Serena pulled her cravat aside and looked at the pendant again. 'I knew there was something weird about the stone. When Dilandau touched it, when you were a prisoner in the floating fortress, it streamed light and made an explosion - it was terrifying. When Cid found this, I wondered what would happen if I touched it now.'

'Well, nothing, so that's nice.' He stared down at the ice. Bits of stick and rubbish were frozen in it and would stay there until the thaw.

'It ought to prove something to you, at least.'

'You still shouldn't have it,' he said. 'And you shouldn't have bought it for a penny. A thing like that should be a gift.
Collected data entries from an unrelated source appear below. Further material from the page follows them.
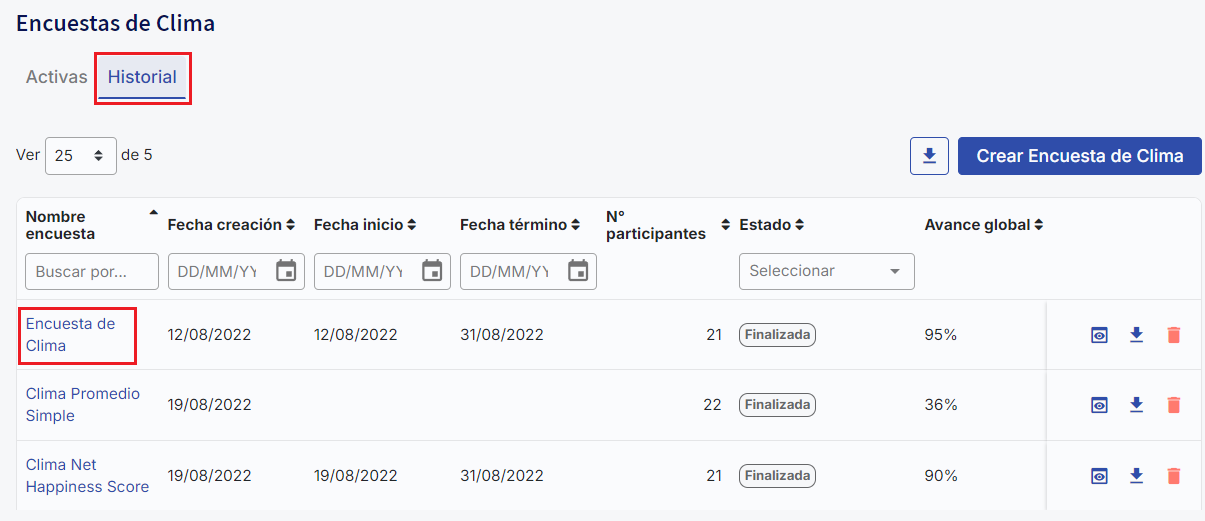 Al finalizar la encuesta, esta se moverá automáticamente a la sección "Historial", donde podrás revisar la reportería. Para hacerlo, simplemente haz clic en la encuesta que deseas consultar.
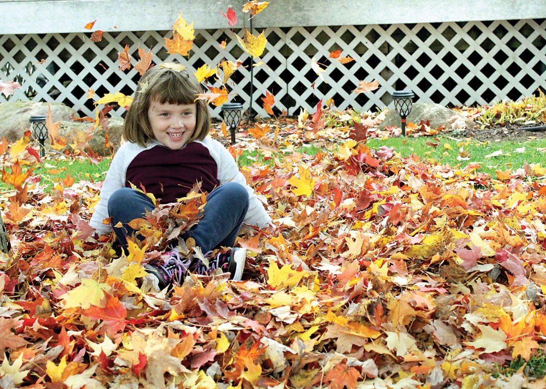 Bella Hood of Iron Mountain plays in a pile of leaves on East C Street. Peak fall colors are expected in the Dickinson County area through the first week of October, according to the Upper Peninsula Travel and Recreation Association.
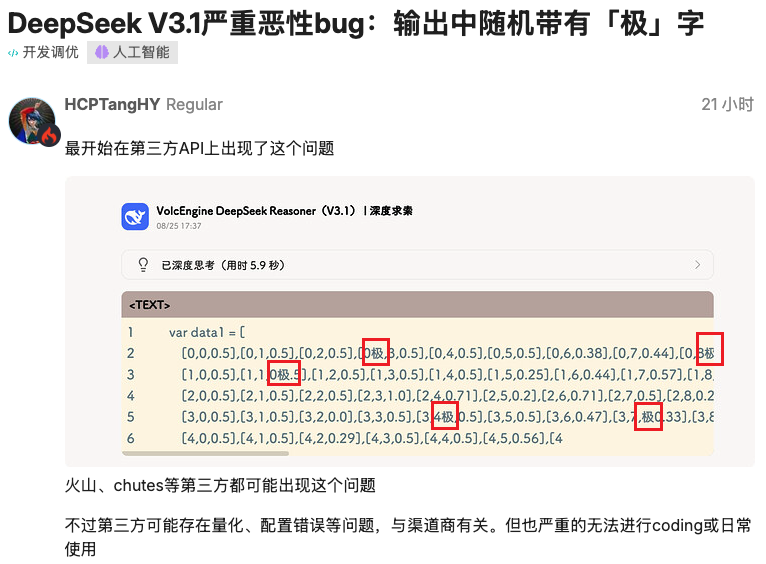 此前,部分网友在使用 DeepSeek-V3.1 生成文本时,模型会随机插入“极”(简体/繁体)、“extreme”等无关词汇。例如,在整理物理试卷、生成代码时,输出内容中会莫名出现“极”字,导致结果错误或无法使用。
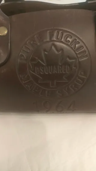 Bolsa de piel con el escudo del FC Barcelona. - Diseño vintage. - Color marrón.
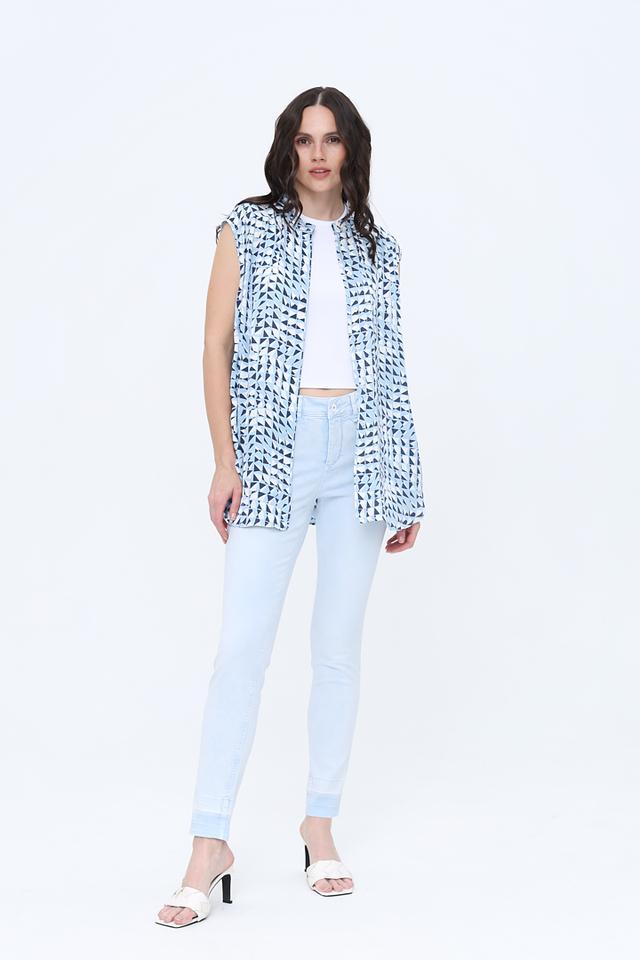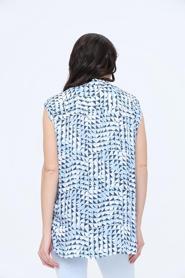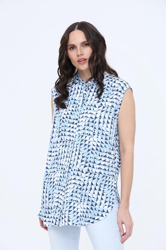 Топ Marc Aurel голубого цвета с оригинальным геометрическим принтом станет стильным дополнением вашего гардероба. Модель без рукавов выполнена из 100% вискозы, что обеспечивает комфорт и лёгкость в носке. Состав: вискоза 100%
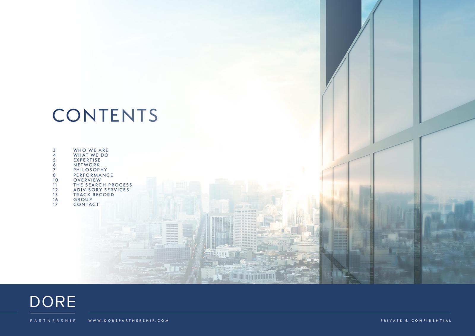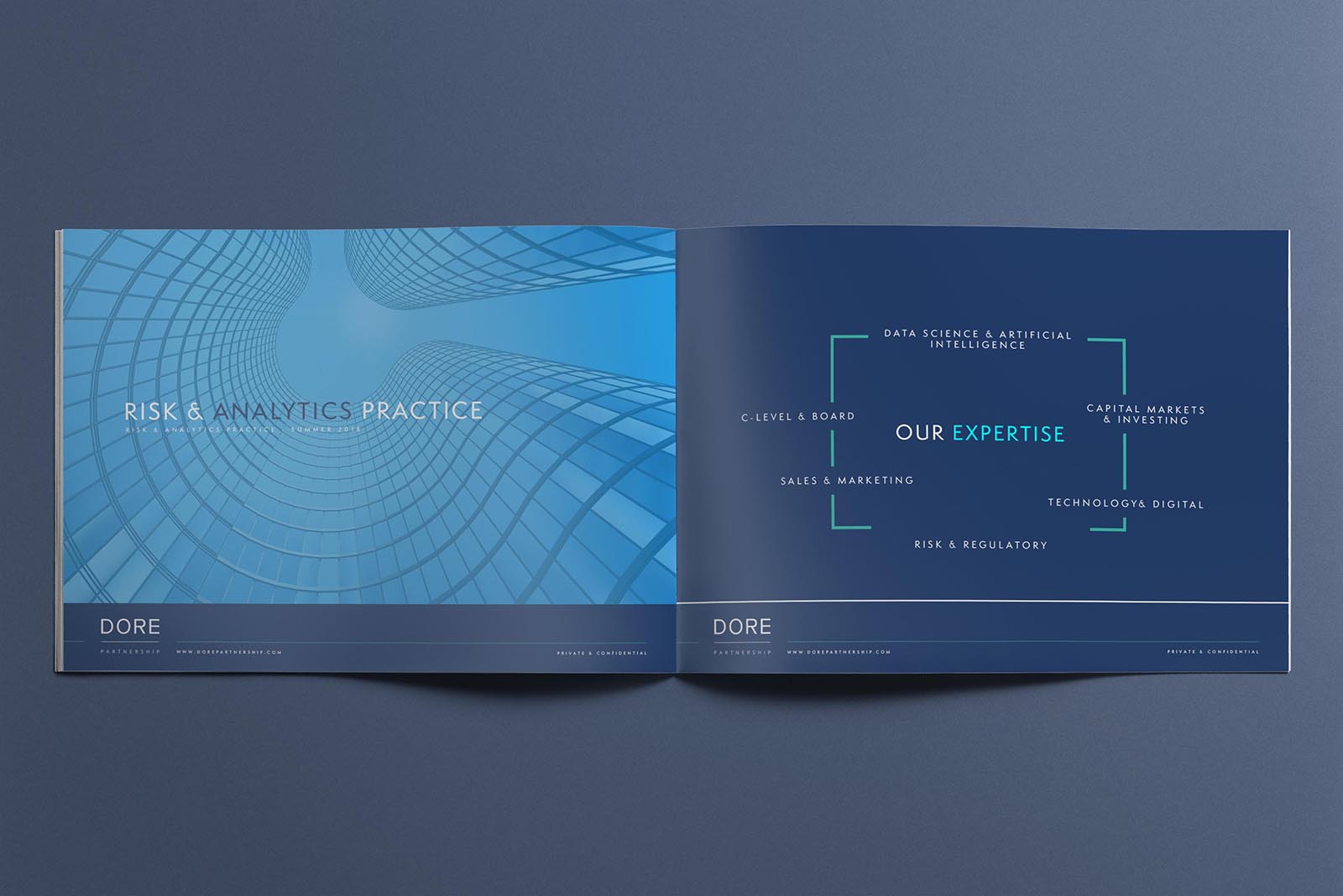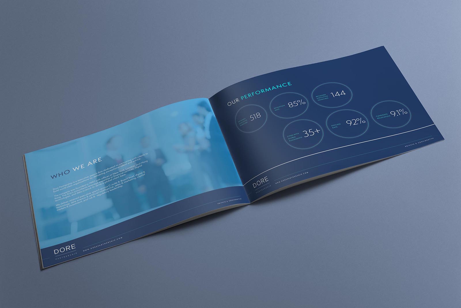 Landscape brochure designed for the Dore Partnership, leaders in Global Executive Search. We wanted to reflect the brands core values, adhering to existing brand guidelines to ensure consistency, while presenting a high level overview in a visually engaging way. Generous use of charts, icons and infographics enabled us to convey key points in a clear, dynamic way, while maintaining a highly professional, corporate appearance.
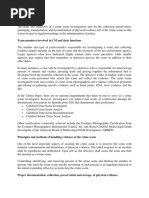 packaging and preserving the evidence, especially if it is of a biological nature.
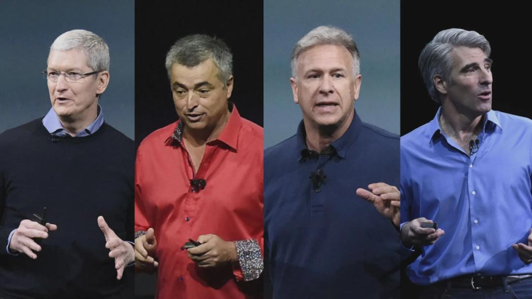 从左到右依次为:Tim Cook,Eddy Cue, Phil Schiller 和Craig Federighi 图源:彭博社

It should mean something.'

'What does Hitomi's pendant mean to you?' she asked. 'If she gave it to you, and you left it behind in Fanelia don't you want to keep something of hers with you? Something that would let you go to see her?'

'You don't know anything about it!' Van was furious now.

'I know what it's like to love someone and I can't help wondering what you think you're doing! Don't you care about her?'

'I can't ever be with her!' His voice sounded hoarse and high in his ears. 'Why would she ever want to see me again? She went home! She chose her world! I've got to stop thinking about her!'

'And what if she's sitting at home right now thinking why doesn't Van ever come to see me any more and it's breaking her heart? Have you even asked her what she wants?'

Van glared at her, a bossy girl with a pink, runny nose preaching to him about how to love. The cravat was still on one side and the pink jewel was shining against her white shirt. She shouldn't have it. She, of all people, should not have it. He turned away from her in disgust and stamped through the snow off the bridge.

'Hey! I haven't finished talking to you!' Serena called after him. He ignored her and walked faster. He could hear her running behind him, catching up.

'You can have it if you think it's so important,' she said. 'As a gift. Peace offering. That would be meaningful, wouldn't it?'

'I don't want it,' he said. 'It's yours.'

'You can be so mean.'

'How is that being mean? I'm telling you you can keep the thing you like. Mean would be ripping it off your neck and giving you whiplash.'

'Fine,' she said. 'Screw you too.' She stormed on ahead, walking even faster than he could. Van watched her go, letting himself slow down, feeling his anger die until it no longer warmed him.